KEDUA, PENGHARAPAN SEJATI PADA TUHAN TAMPAK DALAM HAL SEBERAPA BANYAK KITA HIDUP MENGASIHI DAN PERCAYA PADA TUHAN YANG TIDAK KITA LIHAT

Ini dinyatakan oleh 1 Petrus 1:8

Sekalipun kamu belum pernah melihat Dia, namun kamu mengasihi-Nya.
Kamu percaya kepada Dia, sekalipun kamu sekarang tidak melihat-Nya.
Kamu bergembira karena sukacita yang mulia dan yang tidak terkatakan,


Dua kali Petrus menyampaikan dalam nats di atas bahwa pada dasarnya, hubungan kita dengan Tuhan adalah hubungan dengan sesuatu yang “belum pernah kita lihat” dan “yang sekarang tidak kita lihat”. Bagi dunia yang mengagungkan materi dan apa yang tampak dan dapat dibuktikan supaya percaya, ini sebuah kekonyolan. Atau setidaknya, tidak masuk akal. Namun bahkan ditegaskan di sana sesuatu yang lebih jauh. Yaitu bahwa dalam Kristus, kita bukan sekedar terhubung dengan sesuatu yang transenden (yang melampaui akal pikiran pada umumnya) tetapi hidup untuk mengasihi dan mempercayakan diri pada yang tak kelihatan itu.

Jelas ini merupakan suatu bentuk kehidupan yang sangat berbeda dengan yang kita saksikan setiap hari di sekitar kita, di sini, di bumi ini.

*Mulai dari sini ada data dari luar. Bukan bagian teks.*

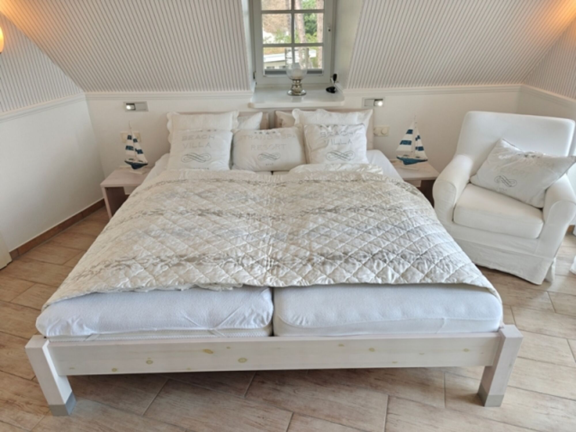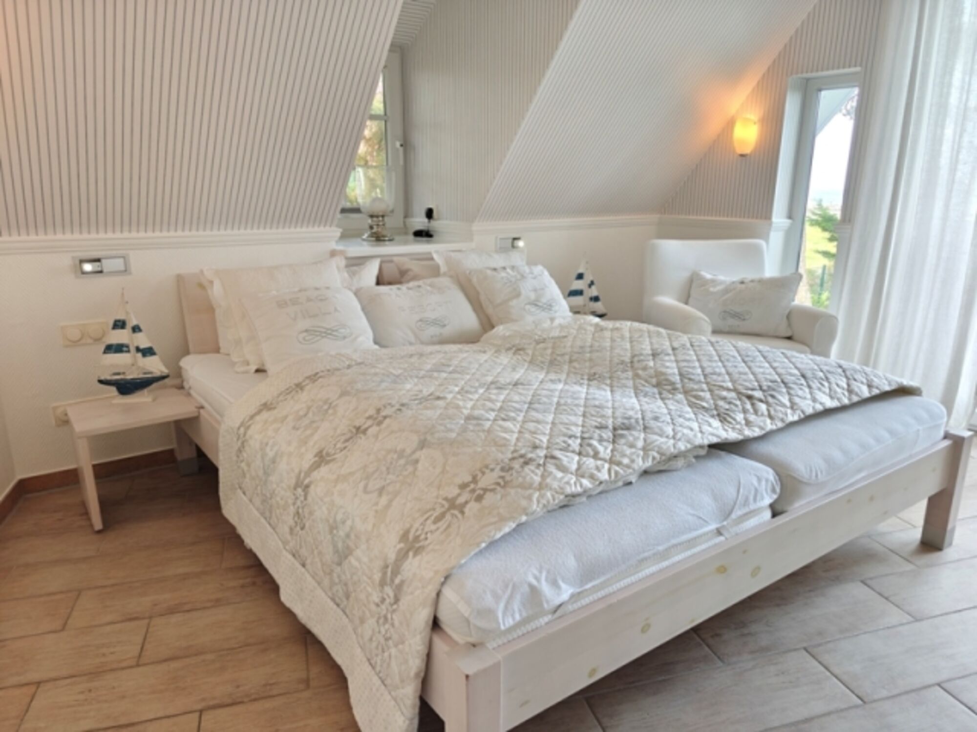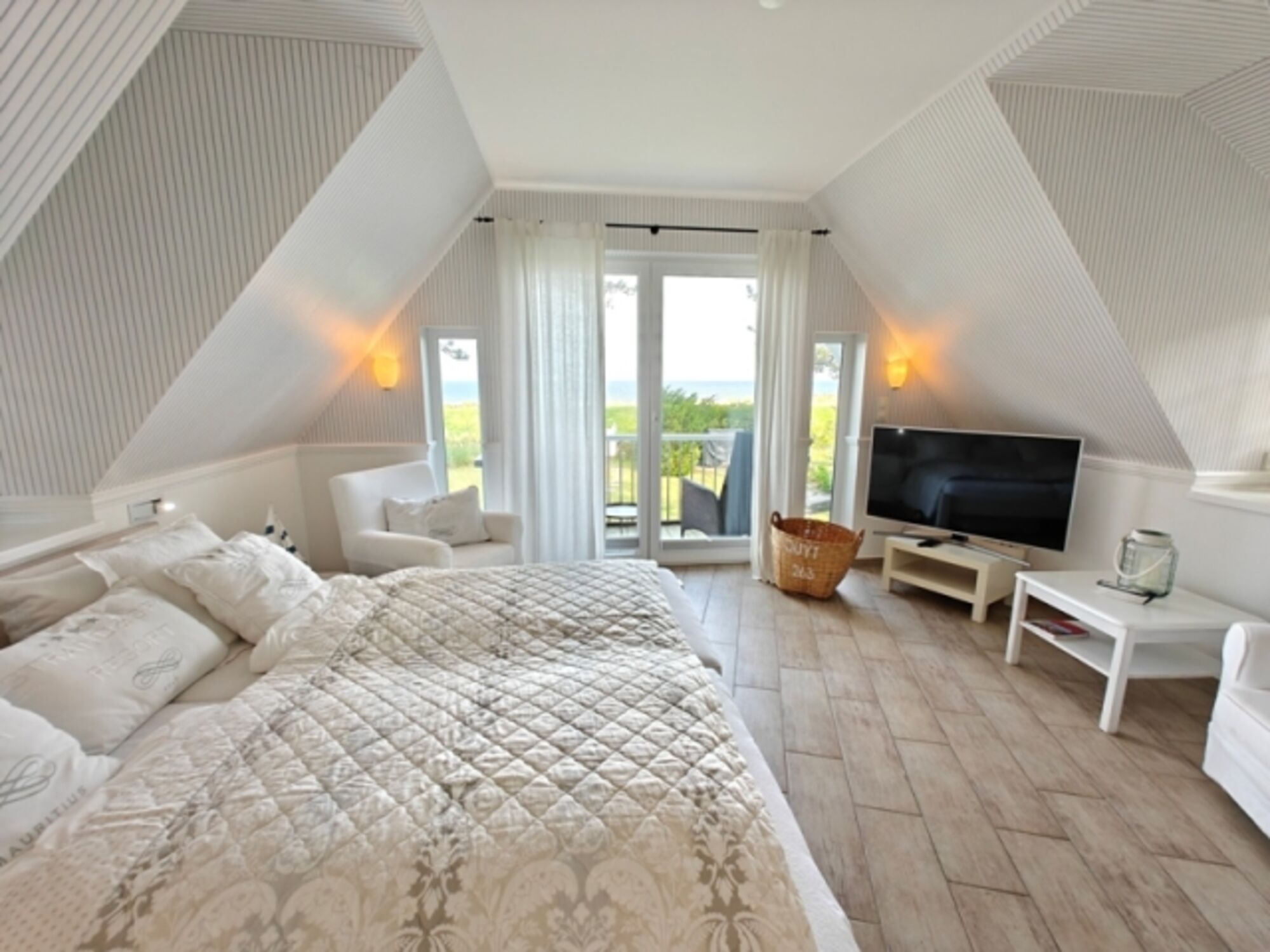 Das große Schlafzimmer ist unter anderem mit einem großen Doppelbett sowie einem Babybett ausgestattet. Ebenfalls gelangt man von dort auf den zur Meerseite gebauten Balkon. Von diesem als auch durch die tiefen Fenster hat man einen spektakulären Blick auf die Ostsee.
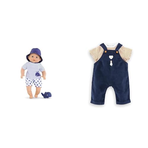 Lot de Corolle - Mon Premier Poupon, Bébé Bain Marin, 30cm, dès 18 Mois, avec Jouet de Bain Baleine, 9000100670 + Corolle - T-Shirt et Salopette, vêtement, pour Poupon 30cm, dès 18 Mois, 9000111190

IMAN DAN KASIH YANG LAHIR DARI PENGHARAPAN

Dalam 1 Tesalonika 5:8, rasul Paulus memberitahukan kita :

Tetapi kita, yang adalah orang-orang siang, baiklah kita sadar, berbajuzirahkan iman dan kasih, dan berketopongkan pengharapan keselamatan.


Dalam konteks menyambut kedatangan Tuhan kedua kalinya, Paulus mengingatkan kita untuk menggunakan perlengkapan perang rohani dan bersiap dalam segala keadaan.
Kepala kita (yang adalah gambaran dari pikiran kita) wajib dilindungi oleh ketopong pengharapan keselamatan. Dan hati kita dijaga oleh iman dan kasih. Ketiga hal ini saling berhubungan satu sama lain. Ketiganya saling menopang dan memperkuat yang lain. Karena iman pada Tuhan, kita beroleh kasih dan timbul pengharapan akan hidup kekal lagi mulia (Roma 5:1-5). Dalam kasih lahir iman dan pengharapan : “Kasih percaya segala sesuatu...mengharapkan segala sesuatu...” Demikian juga dalam pengharapan. Dari pengharapan, akan lahir iman dan kasih.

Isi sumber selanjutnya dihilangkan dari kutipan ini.